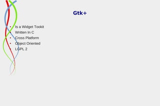 Gtk+ is a widget toolkit for building graphical user interfaces. It uses several libraries like GLib for core functions, GObject for object-oriented programming, and Gio for file and network operations. Gtk+ started in the 1990s and is currently at version 3. It is used in many GNOME applications and supports multiple programming languages through bindings like Vala.
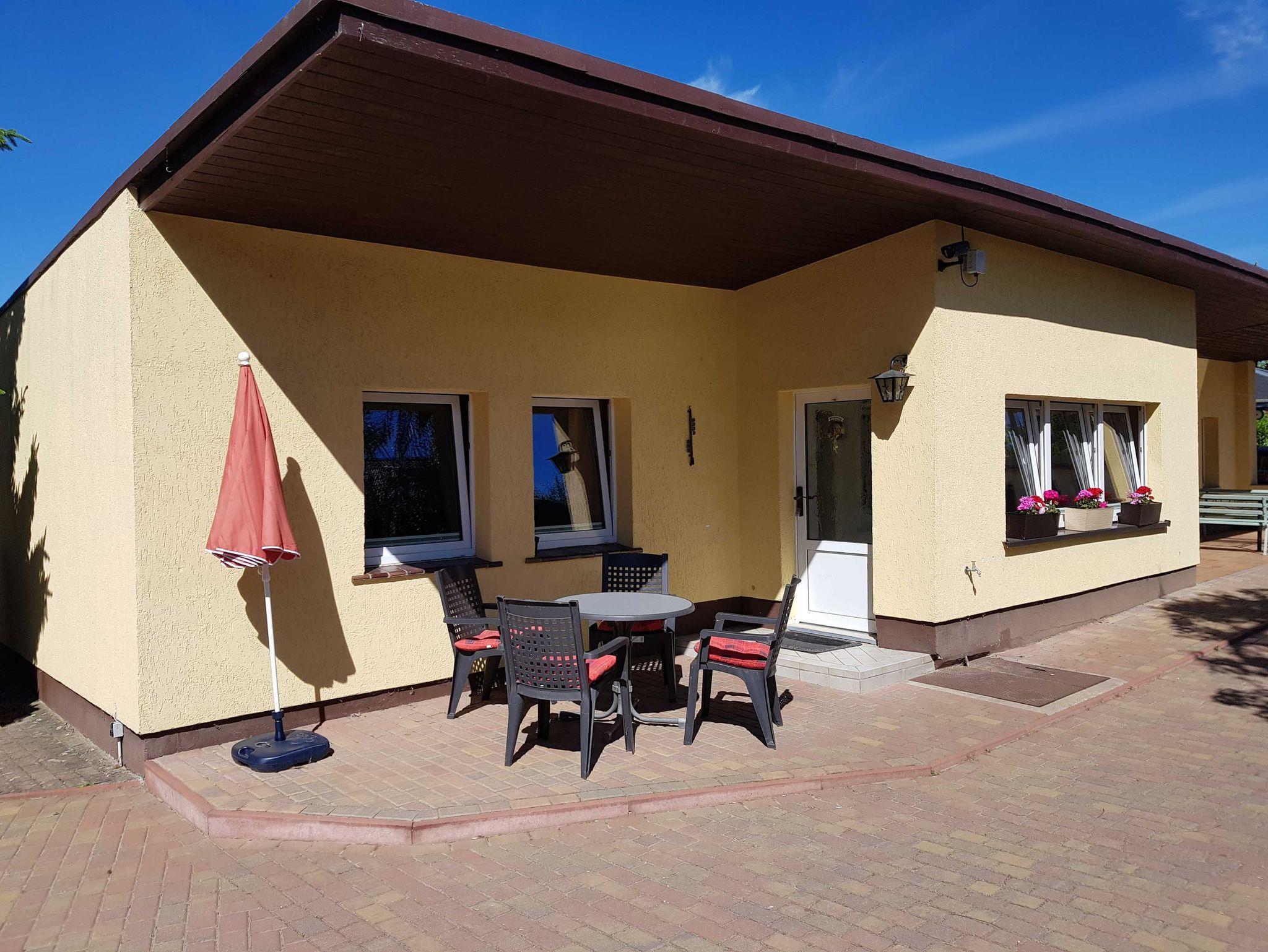 Dieser helle und einladende Bungalow erwartet Sie mit einem gemütlichen Wohnzimmer, das mit einer komfortablen Couch und einem Flachbild-TV (Sat-TV) ausgestattet ist. Der separate Esstisch mit vier Stühlen lädt zu gemeinsamen Mahlzeiten ein. Im Bungalow finden Sie ein Schlafzimmer mit einem Doppelbett (auf Wunsch mit einem Kinderbett) sowie ein Kinderzimmer mit zwei Betten, welches als Durchgangszimmer zum Schlafzimmer dient. Die separate Küche bietet alles, was Sie brauchen: Herd, Backofen, Kühlschrank mit Tiefkühlfach, Geschirrspülmaschine, Mikrowelle, Kaffeemaschine, Toaster und Wasserkocher - hier wird das Kochen zum Vergnügen! Das Badezimmer mit Fenster verfügt über eine Dusche, WC und genügend Stauraum, während die beiden überdachten Terrassen das Gesamtbild abrunden. Hier können Sie bereits am Morgen Ihren Kaffee genießen oder den Abend entspannt bei einem Glas Wein ausklingen lassen. Ein kostenfreier Parkplatz direkt am Haus auf dem abgeschlossenen Grundstück des Eigentümers steht Ihnen zur Verfügung. Für Ihre eigenen Fahrräder gibt es ebenfalls eine sichere Unterstellmöglichkeit. Das W-LAN nutzen Sie kostenfrei um Ihre Urlaubserlebnisse mit der Familie oder Freunden daheim zu teilen. Ihr lieber Vierbeiner ist gegen eine Gebühr herzlich willkommen. Bitte beachten Sie, dass die Eigentümer ebenfalls einen freundlichen Hund besitzen, der sich auf dem Grundstück frei bewegt.
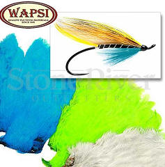 SALMON FLY HEN NECKS - SUB FOR ILLEGAL, EXOTIC PLUMAGE. USE FOR TRADITIONAL SALMON FLY PATTERNS. MANY OTHER USES IN FRESH WATER. With an abundance of thin stemmed and softly webbed feathers that are perfectly proportioned for a wide range of hook sizes, our economically priced Dyed Salmon Fly Hen Necks are a favorite among thrifty Atlantic salmon and steelhead fly tiers for creating tails, throats, collars, and beards on their favorite hairwing wets and streamer patterns. Great for dressing bass and panfish bugs too, these humbly priced yet surprisingly nice quality Dyed Salmon Fly Hen Capes are available in a wide range of popular colors certain to please.
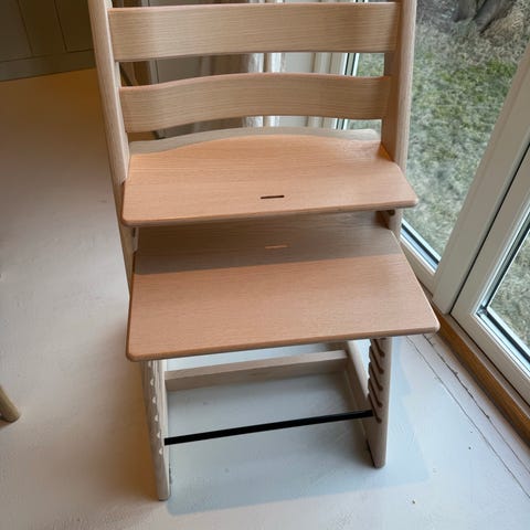 selger denne fine lyse stolen. Den skaper et stilrent resultat som passer i et moderne hjem. Stolen passer både babyset og newborseat. Stolen er pent brukt, men det kan fremkomme slitasje enkelte steder, men ingen skader eller feil ellers.
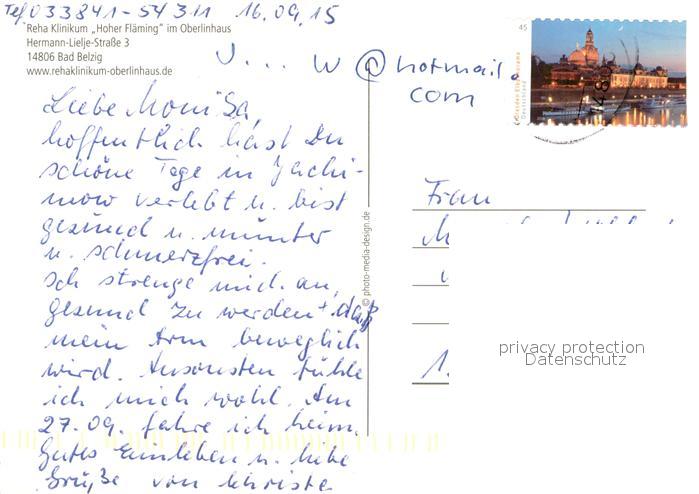 73743628 alte Postkarte Bad Belzig Reha Klinikum Hoher Flaeming im Oberlinhaus Park postalisch gelaufen Erhaltung siehe scans [WerneD78] KatCode: 11110012069020
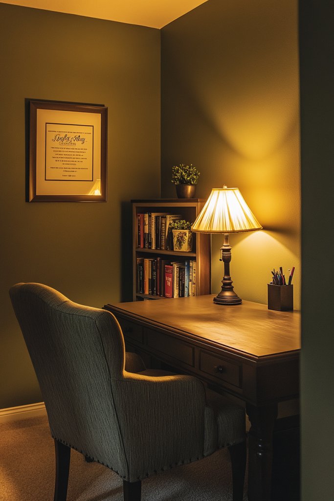 8. Warm Olive: Adding Depth and Calm to Home Offices or Reading Nooks
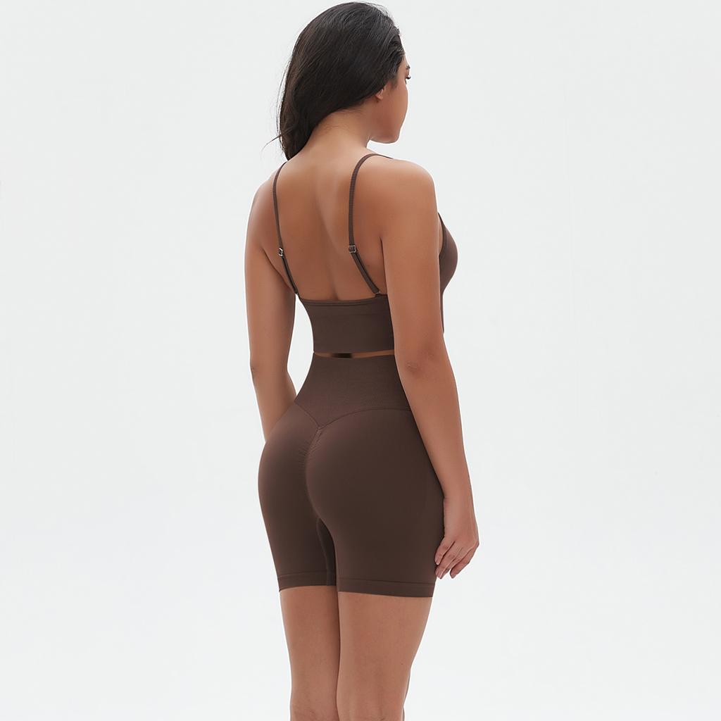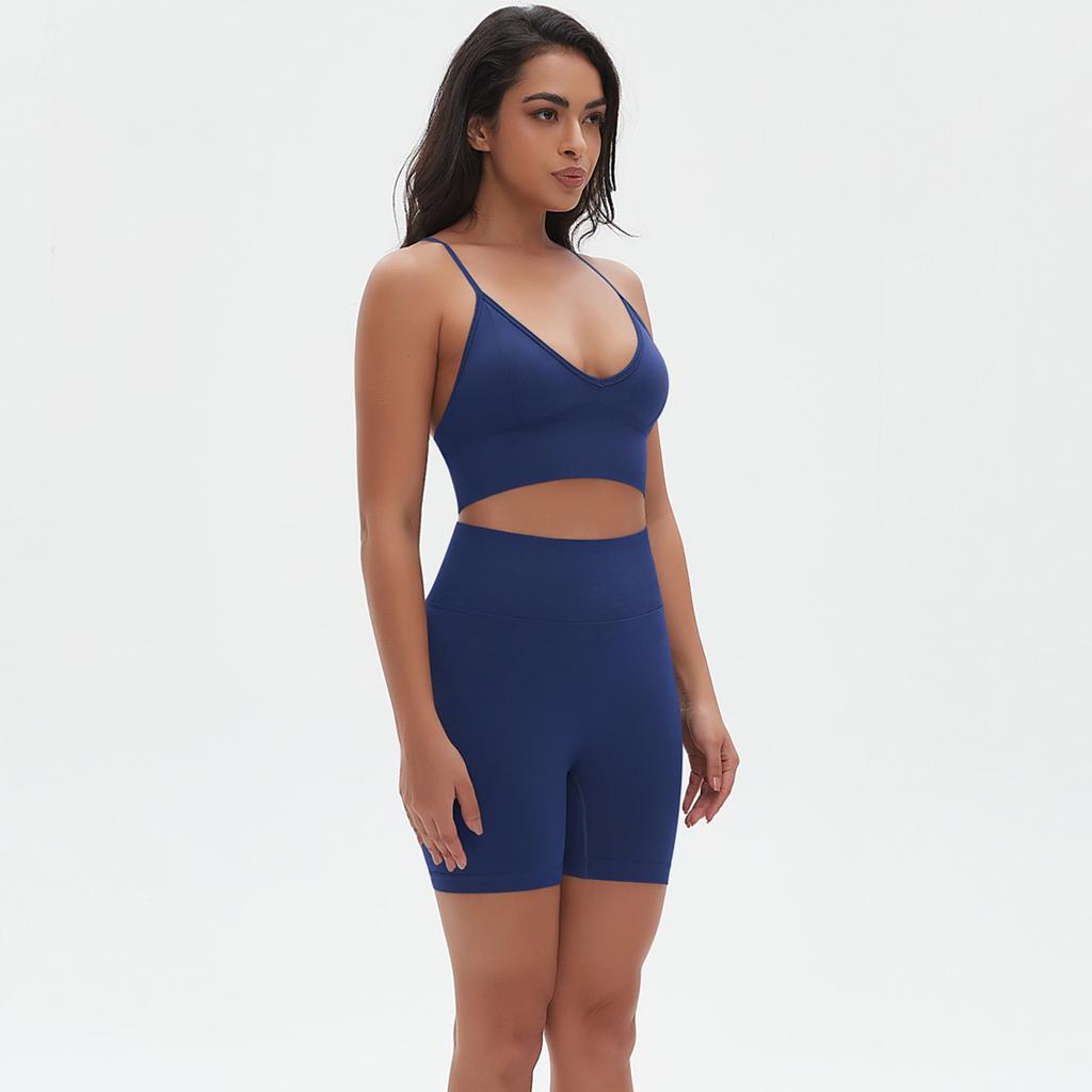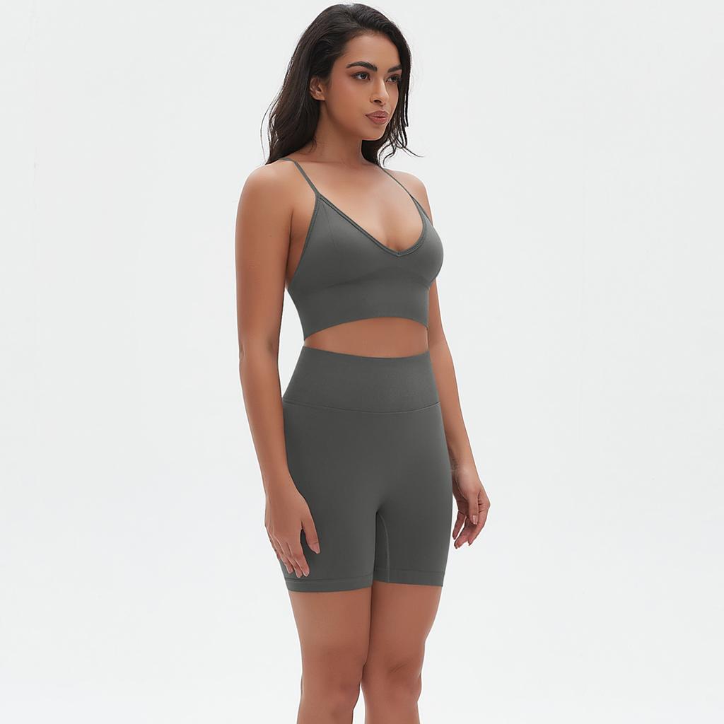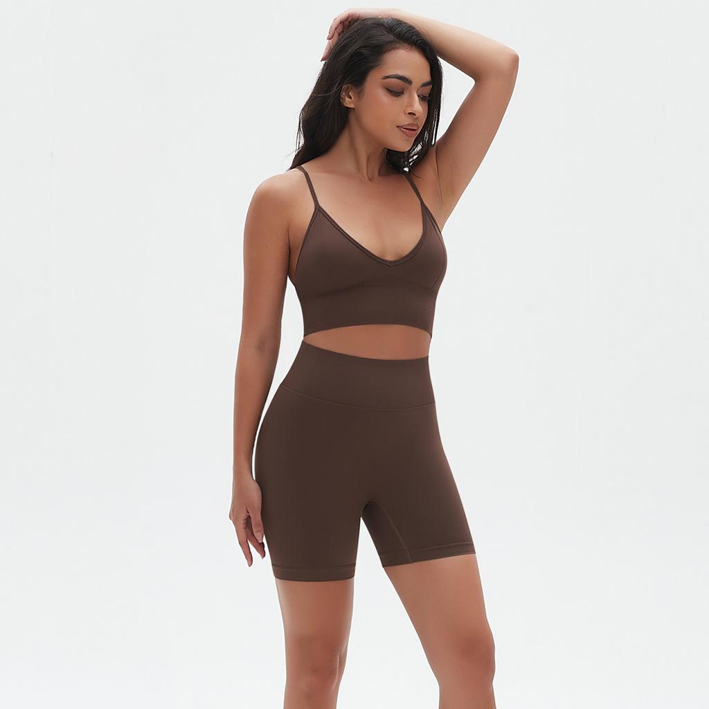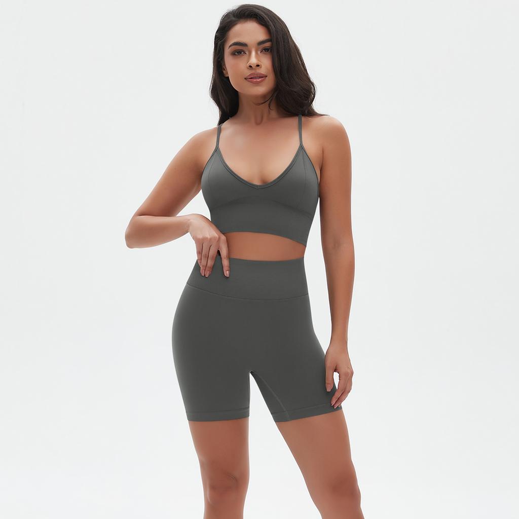 Auroth Женский комплект для йоги с открытой спиной Бесшовный бюстгальтер Тренировочные костюмы Трикотажные шорты для бега Фитнес-комплект

WHAT THE TASK REQUIRES> In the copy, every entry appears exactly as written above and no picture appears.

COMPLETED EXERCISE>
 Gtk+ is a widget toolkit for building graphical user interfaces. It uses several libraries like GLib for core functions, GObject for object-oriented programming, and Gio for file and network operations. Gtk+ started in the 1990s and is currently at version 3. It is used in many GNOME applications and supports multiple programming languages through bindings like Vala.
 Dieser helle und einladende Bungalow erwartet Sie mit einem gemütlichen Wohnzimmer, das mit einer komfortablen Couch und einem Flachbild-TV (Sat-TV) ausgestattet ist. Der separate Esstisch mit vier Stühlen lädt zu gemeinsamen Mahlzeiten ein. Im Bungalow finden Sie ein Schlafzimmer mit einem Doppelbett (auf Wunsch mit einem Kinderbett) sowie ein Kinderzimmer mit zwei Betten, welches als Durchgangszimmer zum Schlafzimmer dient. Die separate Küche bietet alles, was Sie brauchen: Herd, Backofen, Kühlschrank mit Tiefkühlfach, Geschirrspülmaschine, Mikrowelle, Kaffeemaschine, Toaster und Wasserkocher - hier wird das Kochen zum Vergnügen! Das Badezimmer mit Fenster verfügt über eine Dusche, WC und genügend Stauraum, während die beiden überdachten Terrassen das Gesamtbild abrunden. Hier können Sie bereits am Morgen Ihren Kaffee genießen oder den Abend entspannt bei einem Glas Wein ausklingen lassen. Ein kostenfreier Parkplatz direkt am Haus auf dem abgeschlossenen Grundstück des Eigentümers steht Ihnen zur Verfügung. Für Ihre eigenen Fahrräder gibt es ebenfalls eine sichere Unterstellmöglichkeit. Das W-LAN nutzen Sie kostenfrei um Ihre Urlaubserlebnisse mit der Familie oder Freunden daheim zu teilen. Ihr lieber Vierbeiner ist gegen eine Gebühr herzlich willkommen. Bitte beachten Sie, dass die Eigentümer ebenfalls einen freundlichen Hund besitzen, der sich auf dem Grundstück frei bewegt.
 SALMON FLY HEN NECKS - SUB FOR ILLEGAL, EXOTIC PLUMAGE. USE FOR TRADITIONAL SALMON FLY PATTERNS. MANY OTHER USES IN FRESH WATER. With an abundance of thin stemmed and softly webbed feathers that are perfectly proportioned for a wide range of hook sizes, our economically priced Dyed Salmon Fly Hen Necks are a favorite among thrifty Atlantic salmon and steelhead fly tiers for creating tails, throats, collars, and beards on their favorite hairwing wets and streamer patterns. Great for dressing bass and panfish bugs too, these humbly priced yet surprisingly nice quality Dyed Salmon Fly Hen Capes are available in a wide range of popular colors certain to please.
 selger denne fine lyse stolen. Den skaper et stilrent resultat som passer i et moderne hjem. Stolen passer både babyset og newborseat. Stolen er pent brukt, men det kan fremkomme slitasje enkelte steder, men ingen skader eller feil ellers.
 73743628 alte Postkarte Bad Belzig Reha Klinikum Hoher Flaeming im Oberlinhaus Park postalisch gelaufen Erhaltung siehe scans [WerneD78] KatCode: 11110012069020
 8. Warm Olive: Adding Depth and Calm to Home Offices or Reading Nooks
 Auroth Женский комплект для йоги с открытой спиной Бесшовный бюстгальтер Тренировочные костюмы Трикотажные шорты для бега Фитнес-комплект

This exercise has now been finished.